I subtitle the photograph (pause) Water! - and do a series of prints in color with a blue tint for a more (pause) ‘populist’ sensibility

And then one day I go to a gallery where my photograph is hanging

And the couples from (pause) Chicago, Wyoming, Utah, Colorado, Saskatchewan, Toronto are standing in front of my photograph

And they just stand there and stare at it

She is wearing a loud print skirt and a plain yellow blouse.

He is wearing a pastel sports shirt and plain brown trousers

They look like a modernist diptych tableau vivant come to life

I squint and their bodies in front of the photo begin to look like a collision between Jack Bush (slide) Peter Max (slide) Jules Olitski (slide) and a fabulous silk floral arrangement form the home décor section at Walmart

Through this haze of strained commodified modernism I hear the people begin to speak

(woman speaks first)
It’s just a picture of water glasses. Anyone could have taken that. I wonder how much he got paid for letting them hang it in here.

He should have paid them. Can you buy the art in this place?
No dear, I don’t think you can. But I’m sure there are some lovely postcards in the gift shop.

We should have gone to the gift shop first, then we would have known where the good stuff was.

But we would have missed a lot of interesting things.
What good is it just hanging here all the time? It should be for sale.
Well, if you could buy it, wouldn’t you think that one of the farmer and his wife would have sold by now. It’s very famous.

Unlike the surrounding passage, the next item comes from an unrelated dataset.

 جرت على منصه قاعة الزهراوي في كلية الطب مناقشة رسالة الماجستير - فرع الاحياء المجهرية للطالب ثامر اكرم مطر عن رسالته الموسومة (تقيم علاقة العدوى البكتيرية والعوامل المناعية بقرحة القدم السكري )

I read the brochure. That’s not his wife.
What are you saying?
That’s not the farmer and his wife. That’s his daughter.
That’s just stupid.
Well I read it in the brochure.
She looks old enough to be his wife and she’s very homely. And he’s no Rock Hudson himself. Very strange shaped head, but quite life like. I don’t like it.

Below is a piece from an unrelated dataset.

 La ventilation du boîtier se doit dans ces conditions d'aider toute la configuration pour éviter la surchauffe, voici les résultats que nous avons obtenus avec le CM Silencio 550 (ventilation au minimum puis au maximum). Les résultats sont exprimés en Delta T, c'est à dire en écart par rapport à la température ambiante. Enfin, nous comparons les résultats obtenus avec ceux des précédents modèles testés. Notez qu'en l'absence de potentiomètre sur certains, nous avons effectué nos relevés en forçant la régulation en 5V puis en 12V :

It’s a good painting. I still find it hard to believe Rock was gay, even though he got the AIDS. I mean, anyone can get it now, right?

[American Gothic slide} I don’t like it so much.

It captures a real sense of those two people as hard working farmers.
I don’t see why you can’t be a hard working farmer and attractive at the same time.

That’s not a nice thing to say, and if you can’t say anything nice [interrupted]
I know, I know, and then don’t say anything at all.
They look like very pleasant down to earth people
They look boring as hell. And if that is his daughter then I’m a monkey’s uncle.
Well you really don’t know much about art do you.
And neither do you.
I know what I like.
I know what I don’t like, and I don’t like what you like.
You liked that one of the diner.
Yes, I did. I did like that one. The people in it are quite nice looking.
You can barely see their faces.
You can see enough to tell that they’re good looking.
I heard that the guy who took that photo of the glasses died of AIDS.
Where on earth did you hear that?
When you were in that room looking at all those flowers that look like vaginas I went into the next room and two very feminine gentlemen were standing in front of it and I overhead what they were saying. I think one of them might have been crying. He kept saying how beautiful the glasses were and how the water looked so clear and pure and how it was some kind of metaphor to illness.

Well what on earth was he crying about?
Feminine men get very worked up about AIDS sometimes.
Well I get thirsty looking at that photograph. It makes me thirsty. It certainly doesn’t make me cry, and if he died of AIDS, that photographer, well, it was his own damn fault.